The market reacts to 85% bridging LTVs

With the bridging market heating up with competition, lenders have debated the benefits and risks of increasing LTVs as a way of gaining more market share.

A survey conducted by Bridging & Commercial found that 73% of specialist finance professionals felt that bridging LTVs at 85% were risky with 27% arguing that they weren’t.


“Higher LTVs leave lenders with less room to manoeuvre if things don’t go to plan, leaving lenders potentially facing losses,” warned Benson Hersch, chief executive of the Association of Short Term Lenders. 

“This is particularly the case at the moment as the market is very skittish.”

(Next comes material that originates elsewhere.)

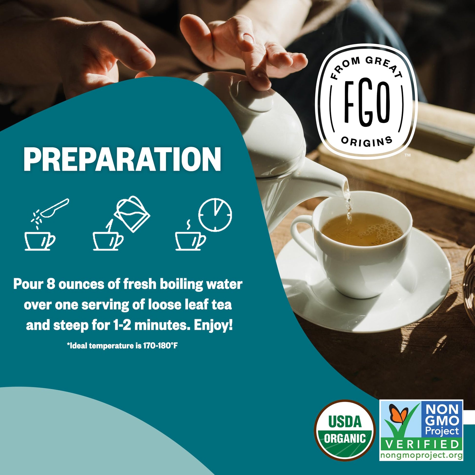 - Q: What is FGO Organic Sencha Loose Leaf Tea? A: FGO Organic Sencha Loose Leaf Tea is a premium, USDA-certified organic green tea imported from Japan, packaged in a resealable 4oz bag. It allows you to brew up to 50 cups of tea, providing a customizable tea experience without the waste of bags or strings.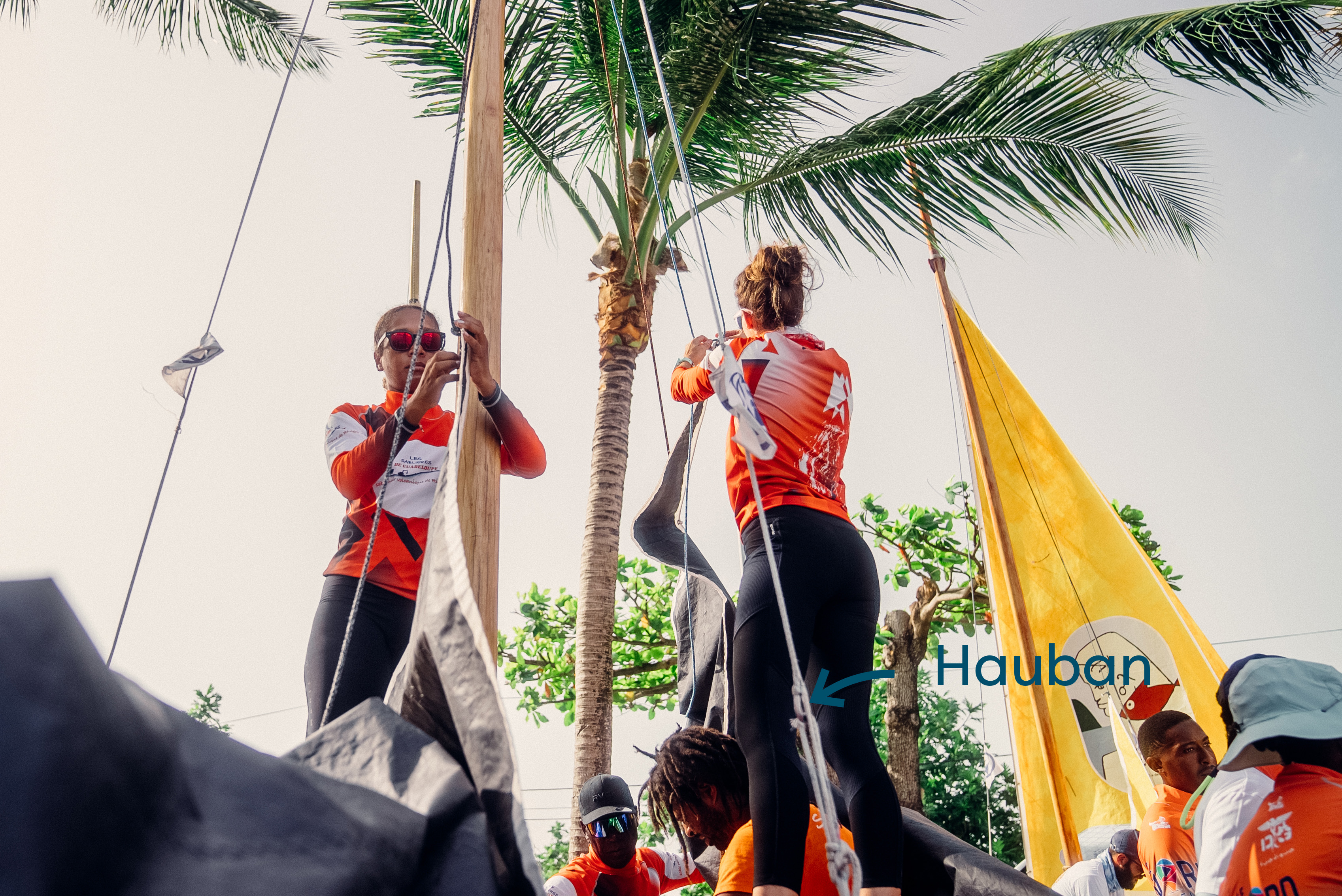 Il atteste que le canot appartient à la Classe des Canots Saintois de Voile Traditionnelle de la Guadeloupe, l'organisme qui régit cette discipline. Ce pavillon signifie que le canot a passé avec succès le contrôle de jauge, une inspection technique obligatoire qui vérifie le respect des dimensions, matériaux, gréement et autres critères définis par la classe. Ce contrôle garantit l’équité entre les embarcations lors des régates traditionnelles. Le pavillon de classe, souvent visible sur chaque haubans, est donc un symbole d’authenticité, de conformité et d'engagement sportif, signalant que le bateau est officiellement reconnu pour participer aux courses traditionnelles de voile dans l’archipel.

Meanwhile, Matthew Tooth, chief commercial officer at LendInvest, added: “…The historical evidence is that in a property downturn the lenders who have lent at the highest LTVs end up losing the most.”

Michael Dean, principal at Avamore Capital, said 85% LTVs were risky at this particular point in the cycle as property prices were more likely to fall than rise. 

“…Meaning an 85% LTV now might be 90-95% LTV in 12 months’ time.

“Throttling back on risk would be the most logical step for most lenders given the market conditions and political/Brexit uncertainties. 

“However, we aren’t seeing that across the market as the more established volume lenders are pushing boundaries on price and leverage.”

Michael pointed to the current state of the bridging market and the large amount of competition between lenders in that space. 

He claimed he had seen some mainstream lenders increase LTVs, which was a function of the large volumes of cash chasing a limited pool of opportunities. 

“Accordingly, the only way to achieve differentiation is either price or leverage in order to achieve market share. 

“Given that pricing levels are now at unprecedented lows, the only way to stand out is by offering higher leverage deals. 

“This is something we are offering to the market with our 80% LTV bridging products, provided in conjunction with a handful of junior lenders who are willing to take the higher levels of risk. 

“We expect these products to be matched or exceeded for a time, but also expect that the products will be withdrawn from the market if the property market fundamentals start to falter materially.”

Jack Coombs, director at Aspen Bridging, added: "Higher LTVs are risky if you do not know the asset. 

"At Aspen we have a healthy appetite to risk and aim to offer high LTVs by applying an additional level of rapid analysis. 

"By taking time to visit every property (often the day after quoting) we have found a way to make deals work where others sometimes do not."

Jonathan Sealey, CEO of Hope Capital, said there were occasions when a higher LTV could be acceptable. 

For example, when a developer is carrying out a refurbishment that will increase the value of the property and therefore lower the LTV.

However, Jonathan claimed that he had already seen a move by a number of lenders to lend at higher LTVs when they haven’t been able to get enough business in the ‘vanilla’ bridging market.

“This is definitely a more risky strategy, however, which might be fine while things are going well, but may well result in a fall if the economic environment becomes a bit more rocky.  

“Undoubtedly some lenders will continue to lend at higher LTVs as standard, but that wouldn’t be for us.”

Matthew also questioned those who upped their LTVs, adding: “Any lender chasing business by offering high LTVs is likely to be adversely selected by borrowers who are over stretched and will be the first to default when the market sours. 

“With this in mind, we wouldn't expect lenders to raise their LTVs on bridging finance above 75% as it's very doubtful that banking regulators or capital markets funders would allow it.”

Meanwhile, Benson concluded: “There is increasing competition in the bridging space at the moment with a number of new entrants coming into the market.  

“This may inevitably lead to some lenders relaxing their criteria and moving to higher LTVs.  

“However, I expect these lenders to be the exception, rather than the rule.”